Ramona Pop, Mayor and Senator for Economics, Energy and Public Enterprises, says:
“Berlin's economy is growing stronger than that of the national average. This is primarily the achievement of businesses and their employees. It shows that the Berlin economy is well-positioned with its mix of established and young businesses.” The senator also announced a “strategy of digitization for Berlin”. A “coordinator of digital Berlin” will link the different political activities relevant to digitization to social and economic players. "We are going to expand digital infrastructure so that digital business processes can be represented and processed optimally. These include the expansion of the fiber optic network and the new mobile communication standard, 5G, which are needed for future business models,” said Pop. “Berlin Partner for Business and Technology plays an important part in innovation projects, information about funding offers and, above all, the opportunity to form networks between well-established businesses and young start-ups.”
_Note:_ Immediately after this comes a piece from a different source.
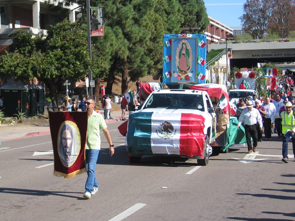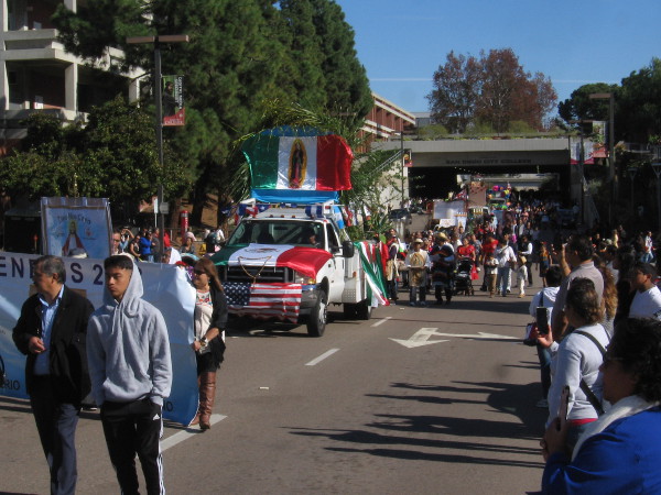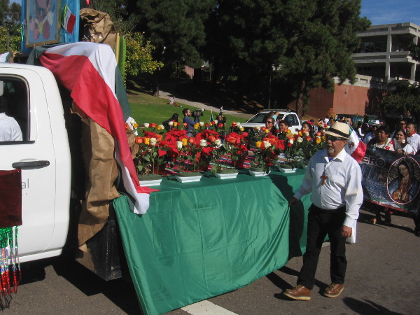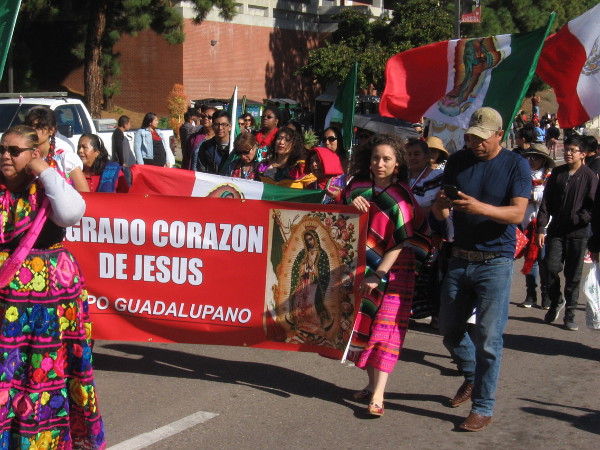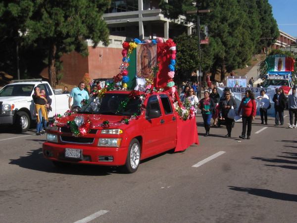 Members of Catholic churches across San Diego County and beyond walked behind the parish floats, singing and rejoicing and holding banners, celebrating the miracle appearance of the Virgin Mary, Our Lady of Guadalupe, all those years ago outside Mexico City.

A glance at the clusters and sectors shows that the digital economy remains the principal creator of jobs. The clusters of ICT, media and the creative economy account for over half of all new jobs in Berlin Partner projects. Many of them emerge on the interface between the digital economy and other industries such as transport: For instance, VW opened its Digital:Lab in Berlin in 2016, where software specialists are working on a digital ecosystem to provide new mobility services and smart vehicle features. The lab has since grown and now employs a staff of 50.
Both manufacturing and the start-up scene make a positive economic contribution to the city’s development across all clusters and sectors: Every 3rd new job in projects supported by Berlin Partner is created by a start-up, while the industrial sector continues to account for over half of all investments in the city. “Industrial companies come to Berlin because it is here that they find the digital natives they need to design how they will operate in the future. Berlin’s start-up scene is not merely sizeable, it has become extremely professionalized,” says Dr. Stefan Franzke, Spokesperson and Managing Director at Berlin Partner for Business and Technology. The ties between established enterprises and start-ups drive innovation and guarantee the creation and protection of jobs. One example is the collaboration between Ledvance and volatiles lighting: Berlin Partner brokered contact between the lighting giant (formerly part of the Osram Group) and the start-up specialized in innovative surface lighting solutions. Aside from opening the door for the start-up to tap into new markets and Ledvance to open up new possibilities in the smart home and business market, the cooperation is intended to secure jobs at the Berlin facility. volatiles has since moved to the factory grounds.
Third-party funding has also stimulated Berlin’s powerhouse economy. Here, Berlin Partner can look back on a successful year, acquiring €49 million in third-party funding, equivalent to a 30 percent increase. This area is driven by the health and optics sectors in particular. “The blend of established companies, the numerous start-ups and the innovative research environment found in the German capital provides an ideal setting for innovation projects,” emphasizes Andrea Joras, Managing Director at Berlin Partner for Business and Technology. “Berlin has developed into a leading region of science in Europe.” This year, for instance, will see the launch of WindNODE, a large-scale project in which 50 affiliated partners will spend four years working on solutions to feed large volumes of renewable energies into the electricity grids as efficiently as possible. WindNODE extends across all six federal states in the former East Germany. Involving partners from business and science, it is designed as a lighthouse project in the energy transition, with Berlin at its center. The Federal Ministry of Economic Affairs and Energy (BMWi) is funding WindNODE to the tune of roughly €36m.